Purpose Wellbeing

New Year, Same [Fabulous] You!

New Year’s resolutions are on our mind every January, but why do you have to change anything? Instead of focusing on all the things you want to change about yourself, concentrate on embracing who you are and what you already have. You’ll soon realize you don’t need to change as much as you thought you did.

The Challenge

Read through the challenge below for tips on how to embrace who you are in 2024.

Every new year brings with it a blank slate, a chance to start fresh. We set resolutions, which are usually lists of things we want to accomplish in the coming year. Bold statements like, “This year I’m going to run 365 miles!” or “This year I’m going to pay off my credit cards!” get us excited to make sweeping changes, but typically by February we’re off the wagon, just in time for the winter doldrums to set in. Broken resolutions can leave us feeling defeated, like we’ve failed. Again.

The problem with making new year's resolutions is the underlying implication that who we are on December 31st is not enough, that we somehow need to change for the better. But that simply isn’t true! What if, this year, instead of resolving to change, you resolve to stay the same? Rather than making resolutions to only change things about yourself, resolve to reflect inwards and fully accept yourself as you are. What would that look like? To inspire you, read through the ideas below.

Take an inventory. 
Many businesses conduct an inventory of their products at the beginning of the year so they know what they have on-hand and what they need to replenish. Do the same, but with yourself! Some prompts to get you thinking about what your self-inventory could look like are:

  • What skills have you learned this past year? Throughout your career? How do each of these skills get you closer to your dream job?
  • What things are you most proud of in your day-to-day life? What do you want to do more of?
  • What were your favorite activities with family and friends over the past year? What activities would you enjoy doing with them that you haven’t done?
  • What made you happy over the last year?
  • What were the most meaningful moments of the last year?  

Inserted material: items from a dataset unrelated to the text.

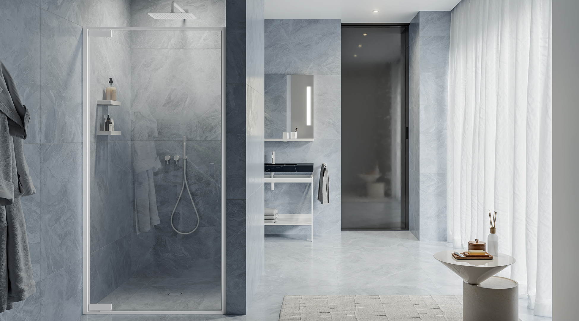 Chiusura magnetica a scomparsa a triplo magnete bilaterale. Apertura totale delle ante sia verso l’interno che verso l’esterno. Guarnizione inferiore. Foro maniglia. Installazione in nicchia.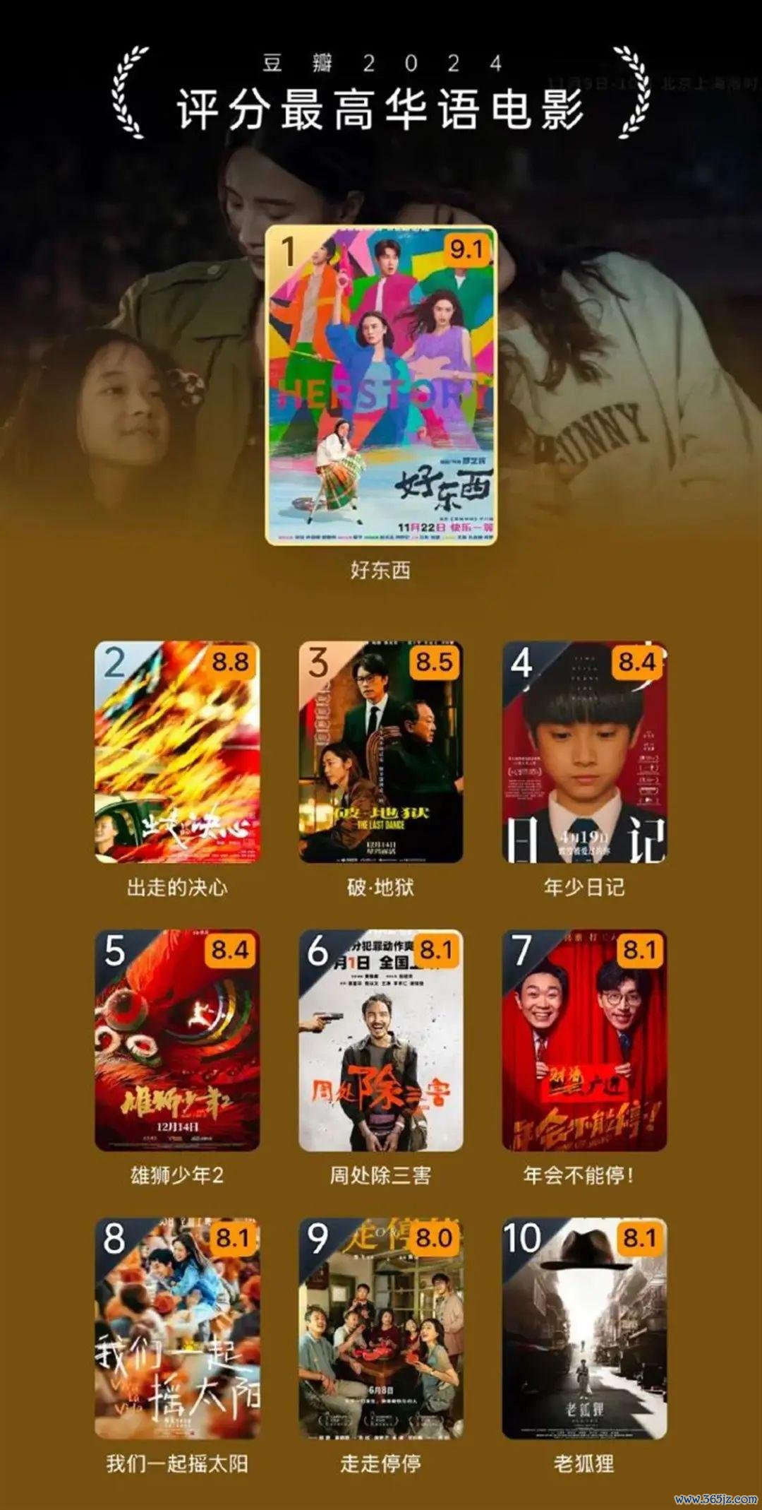 、马伊琍、宋佳等荣获2024最受怜惜演员,《好东西》《出走的决心》《破·地狱》等获2024评分最高华语电影。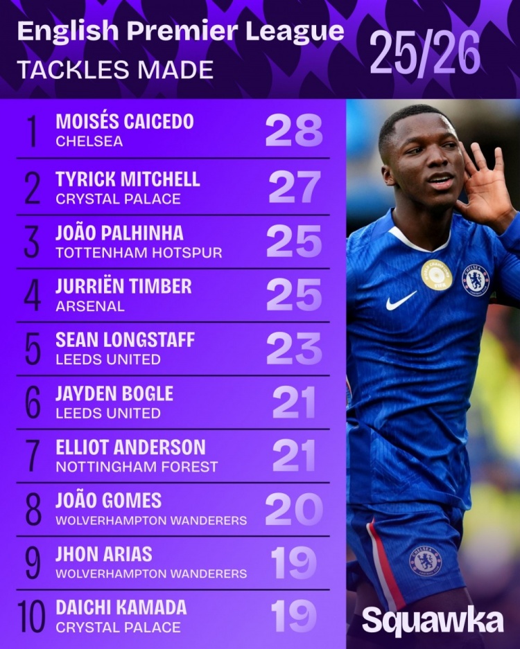 10月7日讯 Squawka统计了本赛季英超抢断榜前十,切尔西中场凯塞多28次位居第一,阿森纳后卫廷伯25按序四。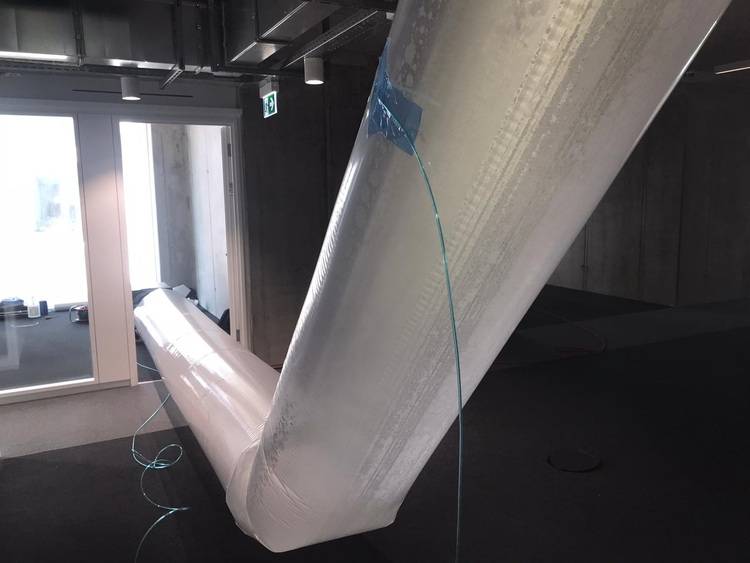 Nach Fertigstellung der Anlage zeigte sich bei einer Dichtheitsprüfung, dass in den Steigschächten die geforderte Dichtheitsklasse C nicht erreicht wird. Statt auf eine manuelle Abdichtung einzeln lokalisierter Undichtigkeiten zu setzen, wurde zur Abdichtung der Leckagen Aeroseal verwendet.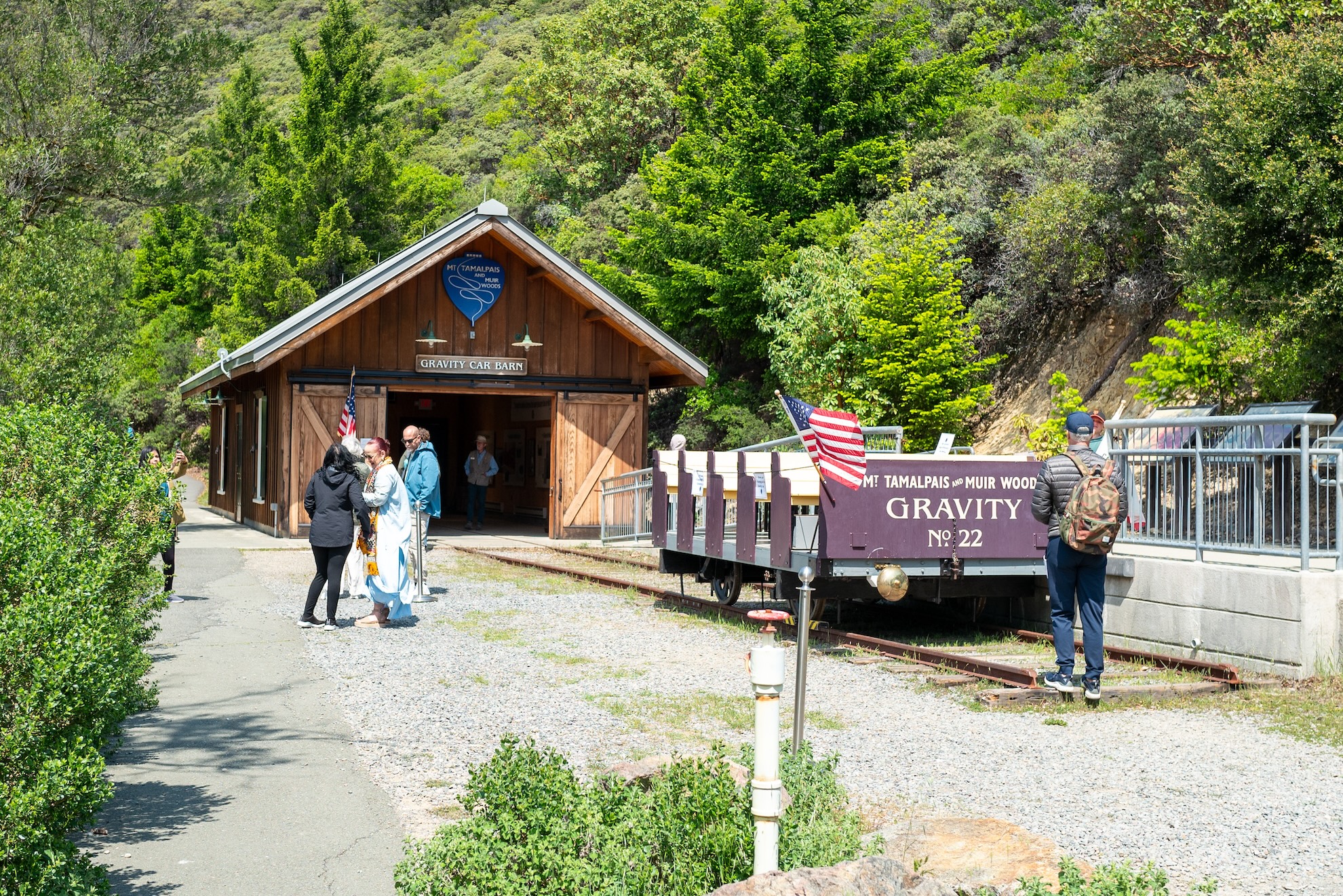 Historic cars and barn of the Mt Tamalpais Gravity Railroad, Mill Valley, California, May 3, 2025. (Smith Collection/Gado via Getty Images)

The key thing to note as you look over the items in the “on-hand” side of your list is how many items you wrote down. Look how fabulous you are! You’ve accomplished all those things and spent all that time with loved ones. You’ve had all those special moments. You have a lot to be grateful for! Which leads to our second tip…

Start a gratitude practice.
Spend five minutes a day thinking about one thing you’re grateful for (bonus points if you write it down in a journal!). It doesn’t always have to be profound; if you’re feeling stuck, start small, with things like, “I’m grateful for my morning coffee.” or, “I’m grateful for how tasty this chocolate chip cookie is.” You’ll be surprised by how easy it will become to find things to be grateful for as you practice (it’s called “gratitude PRACTICE” for a reason!). If you’re still feeling stumped, try turning negatives into positives: “Without having gained a little weight, I wouldn’t be strong enough to hold my child.” or, “If I hadn’t gotten laid off, I wouldn’t be able to spend as much time with my aging mother.” And, try being grateful for challenges, too: “Sarah is really difficult to manage, but this experience is making me a stronger manager and challenging me to learn new conflict resolution skills.” Engaging in a daily gratitude practice can quickly change your mindset.

Don’t set resolutions, set a theme.
If after reading through this challenge, you still feel the urge to set a new year’s resolution or two, try this instead. Setting a theme allows you to focus on the process, as opposed to only focusing on the results. It gives you a purpose and direction to guide you through the year. This will help take off the pressure of feeling like you have to do certain things or you’ll fail at achieving your goals. For example, saying “2024 will be the year of change!” gives you space to do anything you want within that theme – like changing your living room furniture, changing your wardrobe, changing your eating habits, or even just changing the batteries in your smoke detector – while still helping you feel like you’re sticking to your resolution. Other theme-based ideas we like are: the year of trying new things, the year of saying yes more often, or the year of focusing on loved ones.

Tools Needed:

A journal or notebook for making lists and/or taking notes.